La police a réussi à disperser les manifestants en utilisant des gaz lacrymogènes. Plusieurs manifestants ont été arrêtés.
La tension est montée mercredi quand le bureau à Kaduna du quotidien This Day a été incendié par quelques centaines de musulmans qui protestaient contre la parution le 16 novembre d'un article jugé blasphématoire. Son auteur affirmait que le prophète Mahomet aurait pu choisir une des ses épouses parmi les candidates à l'élection de Miss monde.
Le lendemain, une manifestation a dégénéré en attaques contre des églises et des bâtiments appartenant à des chrétiens. Plusieurs lieux de culte ont été incendiés et des policiers et des soldats ont été déployés dans les rues de la ville, qui compte l'une des plus importantes minorités chrétiennes du nord du pays.
Le couvre feu décrété jeudi (bien jeudi) à Kaduna a été prolongé de 24 heures après une nouvelle nuit d'émeutes au cours de laquelle des églises et des mosquées ont été détruites.
"La nuit dernière, il y a eu des représailles contre les musulmans dans le nord de Kaduna", a affirmé le révérend James Wuye, représentant d'un groupe interconfessionnel créé pour rétablir la paix entre les communautés.
"La situation sécuritaire reste extrêmement instable", a déclaré à l'AFP le porte-parole de la Croix-rouge.
"On nous a dit que les troubles s'étendent à d'autres parties de la ville et même hors de Kaduna", a-t-il ajouté.
Des habitants de la ville ont indiqué à l'AFP que les affrontements qui jusqu'à présent avaient eu lieu dans le nord de la ville s'étaient étendus aux quartiers défavorisés du sud.
Beaucoup de morts qui jonchent les rues de Kaduna ont été abattus avant d'être brûlés. Des témoins affirment que la police a abattu des manifestants alors que d'autres victimes ont été tuées lors des affrontements entre chrétiens et musulmans.
"A 5 heures du matin, des jeunes musulmans sont venus chez nous avec des machettes", a raconté à l'AFP Isaac Bigimba, un fonctionnaire chrétien, 32 ans, qui vit dans le district de Kabalan Boki.

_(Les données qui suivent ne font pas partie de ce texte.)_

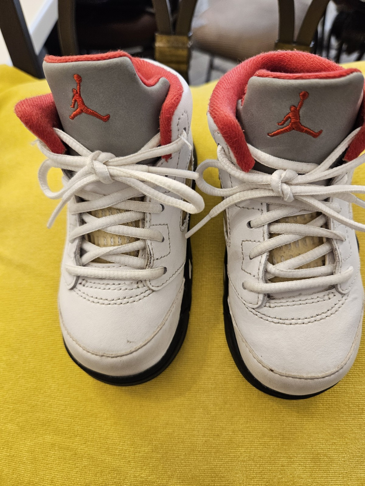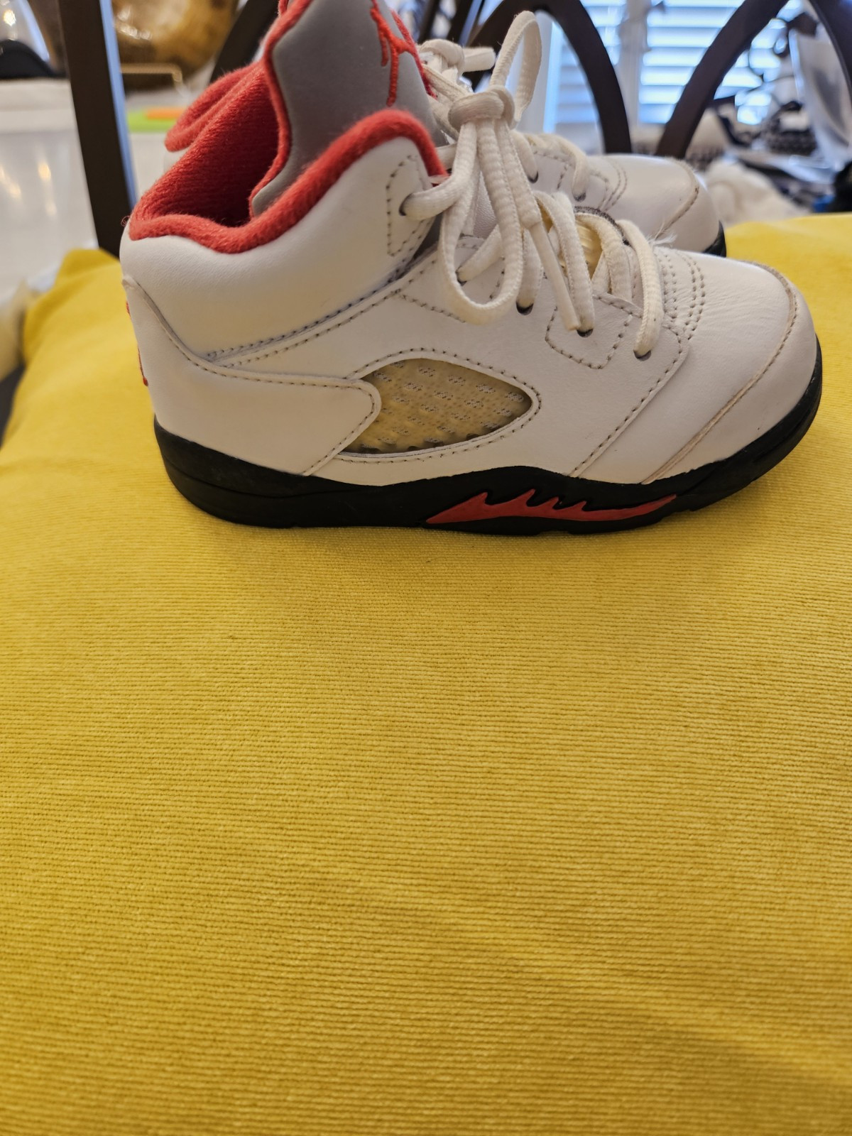 как выглядит NIKE AIR JORDAN 5 RETRO TODDLER SIZE 6C WHITE RED BLACK SNEAKERS 440890-100 фото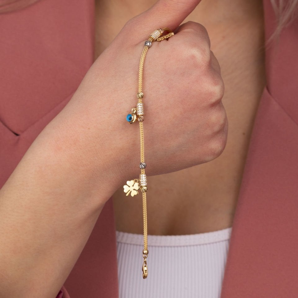 Göz Boncuklu Kalp Yonca Altın Bileklik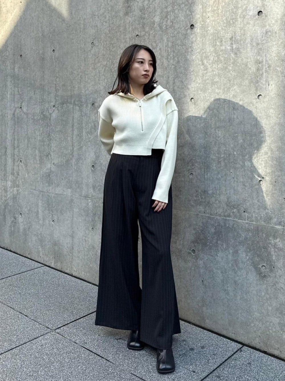 フーディーもニットならカジュアルになりすぎなくてオススメです◯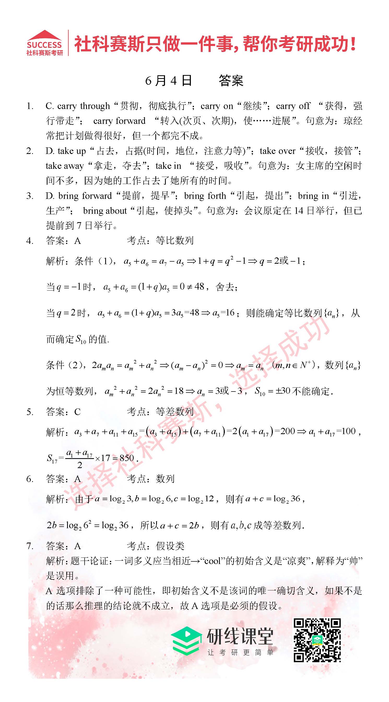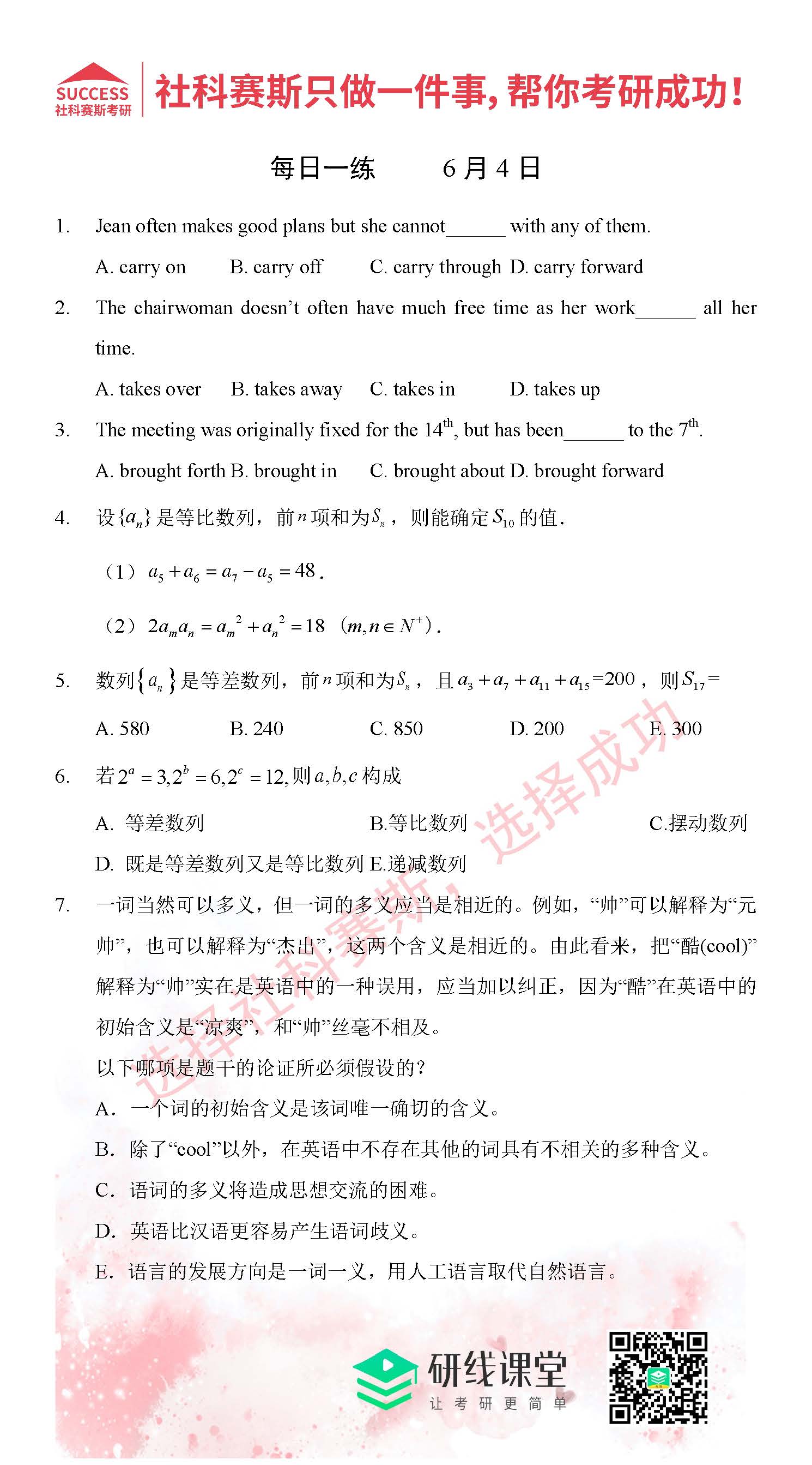 以上就是MPAcc備考網小編整理“2021MPAcc每日習題:管理類聯考6月4日精選習題分享(附答案)”的全部內容,希望下一個研究生就是你!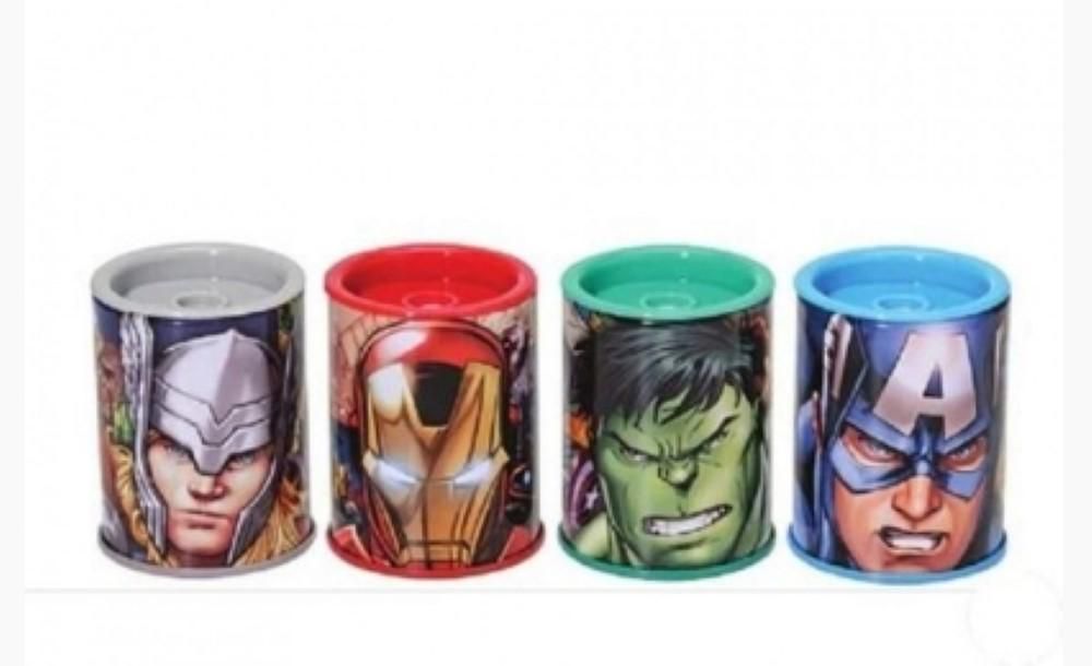 O apontador metálico Vingadores Avengers Marvel trás lindas estampas dos personagens Capitão América, Homem de Ferro, Hulk e Thor. Eles vão garantir que seu lápis esteja sempre apontado. Muito prático para o dia a dia escolar, pois seu depósito é grande e resistente. Complete sua papelaria Marvel!<br><br>

"Nous sommes à proximité de la caserne de la police, mais ces garçons nous ont malgré tout attaqués", a-t-il poursuivi.
Plus de 2.000 personnes ont été tuées en 2000 dans des affrontements à Kaduna entre chrétiens et musulmans, qui s'étaient rapidement étendus aux quartiers périphériques.
Les organisateurs de l'élection de Miss Monde ont affirmé vendredi que le concours ne serait pas annulé malgré les affrontements.
L'élection de Miss Monde va se poursuivre selon le programme prévu avec un défilé de mode samedi à Port Harcourt (sud-est du Nigeria), une région très majoritairement chrétienne, a annoncé Stella Din, une porte-parole.
"Nous croyons qu'il est de notre devoir de laisser les autorités répondre aux questions soulevées par ce problème", a déclaré un autre porte-parole lors d'une conférence de presse à Abuja,
"Il est cependant pertinent d'insister sur le fait que la situation présente n'a rien à voir avec l'accueil de cet événement, nous recevons des informations sérieuses émanant des autorités qui le confirment", a-t-il ajouté.